Diane Ravitch’s Blog: This is Not News! Bill Gates Loves Common Core and Arne Duncan
Stephanie Simon reports on Bill Gates’ latest explanation of why the Common Core standards are a wonderful idea. We need standardization. Maybe we need a national curriculum so that everyone learns exactly the same thing at the same time. Bill Gates loves the Common Core because it is like a standard electrical outlet that we can plug children’s brains into and get standard electrical current. That explains why he paid out at least $200 million to create Common Core, so everyone could have a standard mind and be just like everyone else. Some people, like Emeritus Professor Jack Hassard of Georgia State University, think that Gates has actually pumped $2 billion into Common Core. Really, without standardizing the minds and hopes and dreams and aspirations of everyone everywhere, how can we hope to compete with the standardized minds in other nations?
This is not news. We knew that, didn’t we?
Here is some more not-news: Bill Gates thinks Arne Duncan is wonderful because Arne Duncan wants to standardize everyone’s minds just like Bill Gates. And he wants to pay teachers based on the test scores of their students, just like they don’t do at his children’s private school.
They can’t understand why the more parents learn about Common Core, the less they like it. That’s what the polls show.
Here is an anecdote, not a poll, not scientific. I spoke to a friend who is a retired New York City principal. She had a distinguished career for many years in a middle school. Her grandson came home from his first day in kindergarten. He had work sheets for homework. When she asked about his day, he said there was no recess because they had to work on reading and math problems. This is ridiculous. The children will learn to hate school.

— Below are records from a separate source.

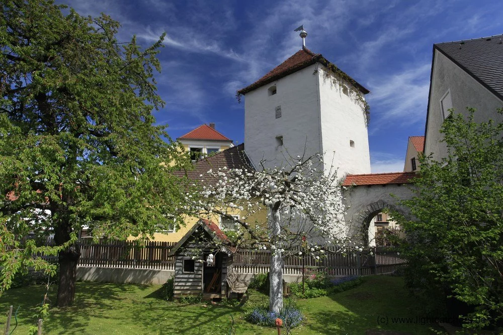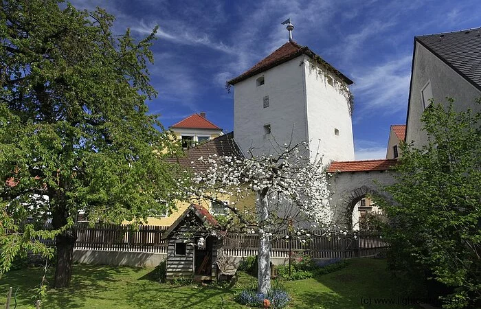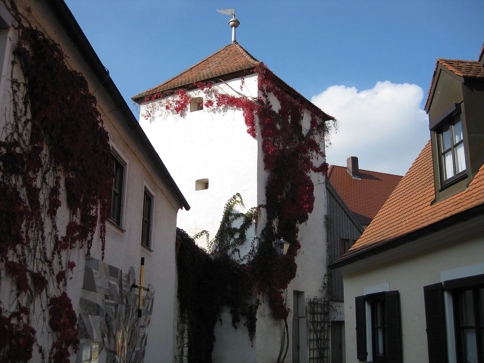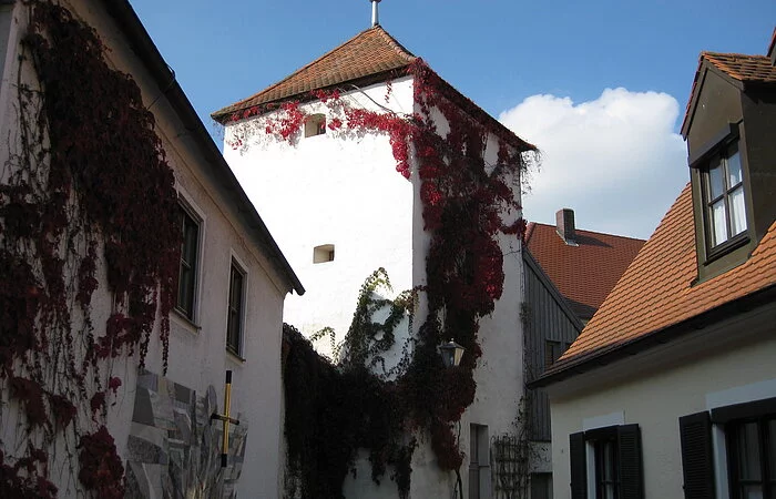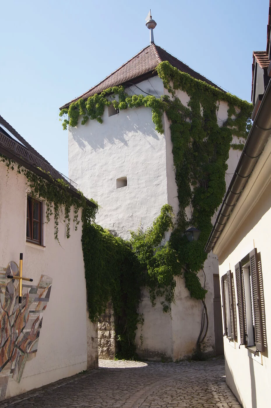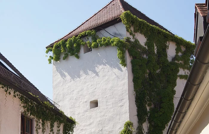 Im Mittelalter war zeitweise die private Einzelweide verboten. Stattdessen wurden von der Stadt für die verschiedenen Haustierarten eigene Hirten bestellt. In diesem Turm war demnach - auch hier gilt "nomen est omen" - der Sauhüter untergebracht. Das Wappen des Eichstätter Fürstbischofs Gabriel von Eyb weist auf den Erbauer dieses Eckturms hin.
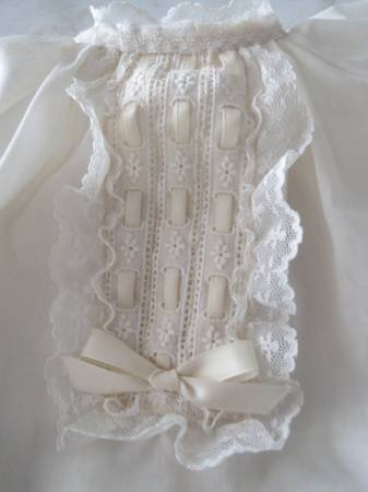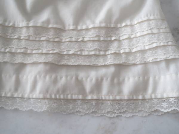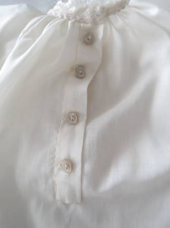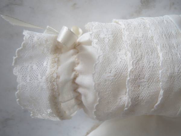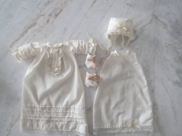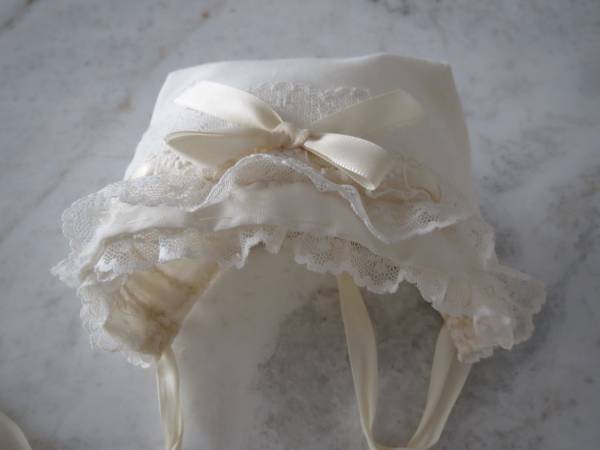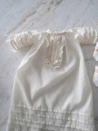 This beautiful outfit was hand sewn by my friend, Ethel. Included in the set is the dress, the slip, a bonnet and knit booties. The outfit would fit a small baby or a doll. It's made of cotton with lots of lace embellishments and light beige in color. So pretty. Just $25 cash, please. Thanks!
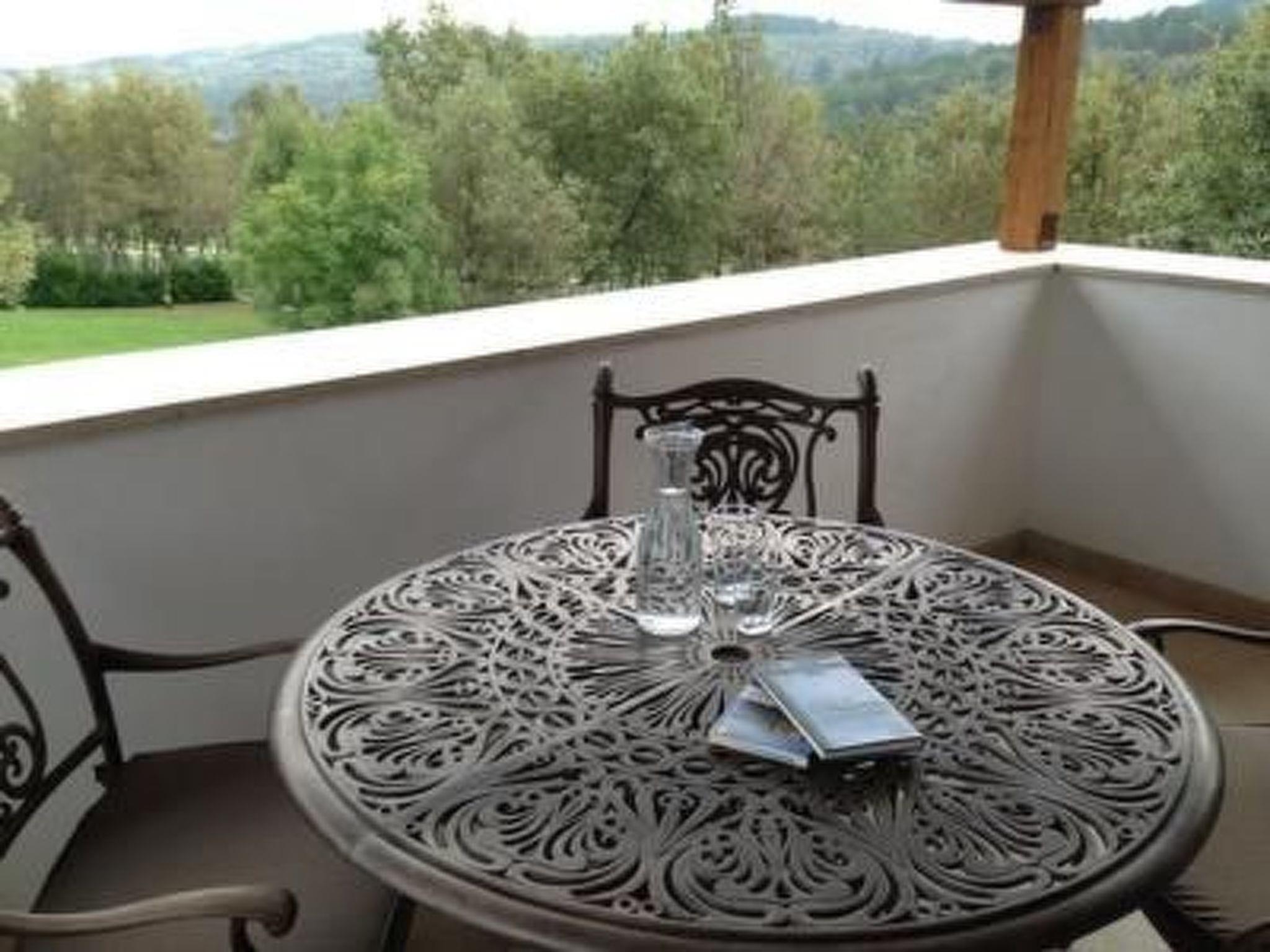 Stone house with pool near Grosznjan The house is located in a very quiet, rural setting in a small hamlet 3 kilometres from Grosznjan. As the house is situated in the green hills of the Istrian inland, there is often a pleasant cool breeze in midsummer. The view extends into the greenery all around. The ideal place to "unwind". Despite its quiet location, the house is an ideal starting point for excursions. The medieval fortified towns of Istria, such as Motovun or Buzet, are not far away. The sea can be reached in 20 minutes by car. The nearest good shopping facilities are in the small town of Buje and the house is located on the Istrian "olive oil road". The surrounding area offers many culinary highlights: the famous Istrian truffles, meat from Boskarin cattle, wild Istrian asparagus, wine from local cultivation, olive oil from the surrounding manufactories. Nearby Grosznjan is a small, beautiful medieval fortress, known as the "artists' village" because of its many galleries. It also has a good gastronomic offer. The house was purchased by a German family in 2013 and tastefully renovated and furnished in a rustic style. On the ground floor there is a well-equipped kitchen, a dining area for eight people, a shower room and a cloakroom. From the kitchen, a glass door leads out onto the covered terrace, where there is also a dining area. In the garden, in front of the terrace, is the swimming pool and on the upper floor there are three separate bedrooms for two people each, a toilet and a bathroom with bathtub. In the spacious living room there is a sofa area that can be converted into another double bed, a reading chair, a desk and the TV. The balcony on the upper floor offers another seating area with a table and four chairs. The house has very thick walls, so it stays cool in summer. Air conditioning units in all rooms ensure pleasant temperatures even on very hot days. There are mosquito blinds in the windows of the three bedrooms to ensure a peaceful night's sleep. With its central heating and radiators in all rooms, it is also suitable for winter. There is a cast-iron stove in the living room.
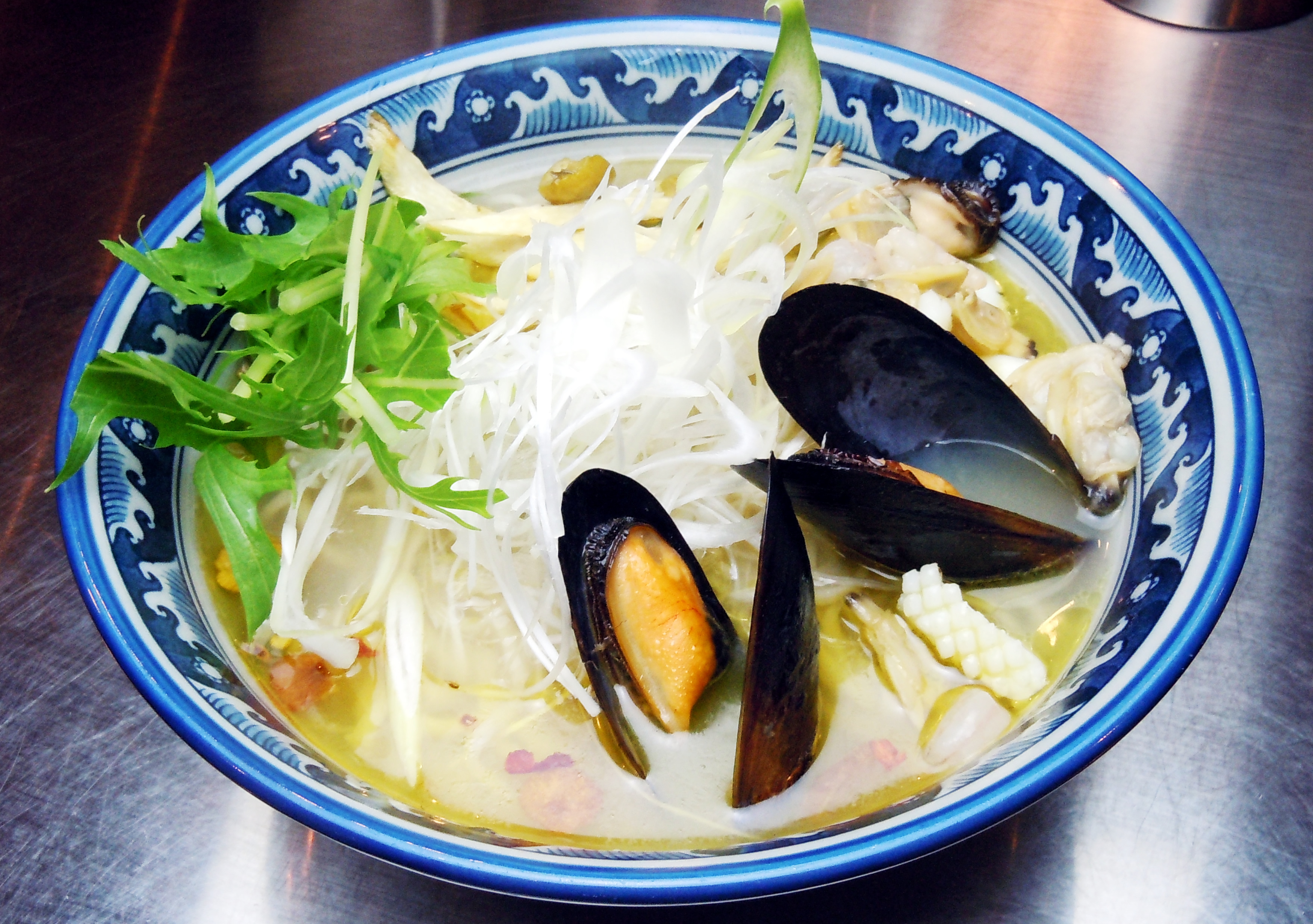 トッピングは、ムール貝・あさり・エビ・イカと、大勝軒50周年の限定麺にふさわしい
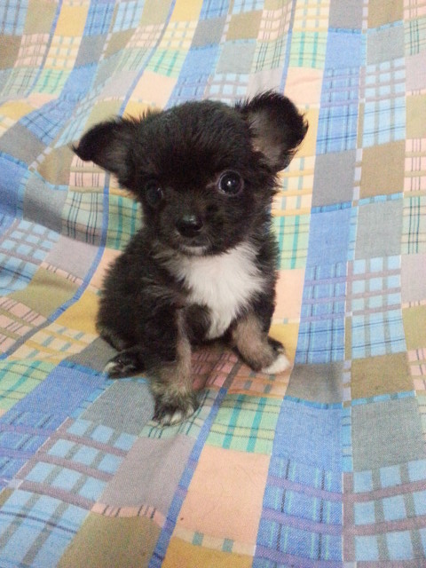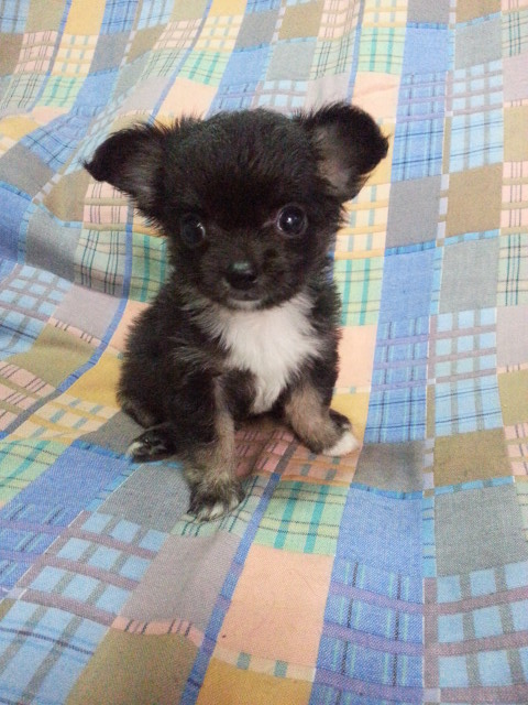 ชิวาวาผู้หญิง ขนยาวแน่น แบลคแทน มีแก้ม มีคิ้ว ถุงเท้า หน้าสั้น ขาสั้น ไซส์เล็ก แข็งแรง
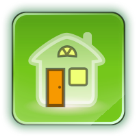 This features a green square with an illustration of a house. The house is depicted as having a yellow door and a window, giving it a warm and inviting appearance. The overall design of the icon suggests that it could be used to represent a home or real estate theme.
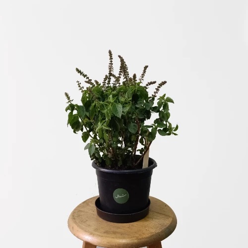 Ocimum Basilicum is a herb. The leaves are its edible part, used in salads and pizza, as for the flowers they are aesthetically pleasing.
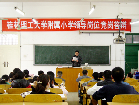 4月11日下午,学校举行附属小学领导岗位竞岗答辩会。学校副校长肖岳峰,校长助理、人事处处长华桂林,党委组织部部长陈贵英,校工会副主席陆平,桂林市教科所科研规划办主任席广涛,七星区教育局教研室书记贺琳等出席答辩会并担任专家评委。附属小学全体教职工任群众评委参加答辩会。
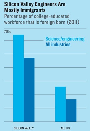 图为2013年硅谷发布的数据:硅谷的工程师们大多是移民
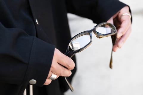 ご覧のように、なかなか写真では伝わりにくい「col.745」(シャドーグレー/グレー/クリアイエロー)、現時点で使用しているのはこちらの「FA-240」のみになりますが、ご試着の際は屋外など自然光のもとでもお試しいただけたらと思います。

Common Core will never be “national standards,” no matter how much money Bill spends, no matter how much the U.S. Chamber of Commerce pushes it, no matter how many states lose Arne’s waivers. It might survive in half the states. But it will never stop being a source of controversy. It didn’t have to be this way. The lesson is that you don’t get “national standards” by writing them in secret, then using federal funds as a lure to shove them down the throats of parents and children. If we ever have national standards, it will come about as the result of a democratic, open process, not a secret deal among oligarchs and the feds.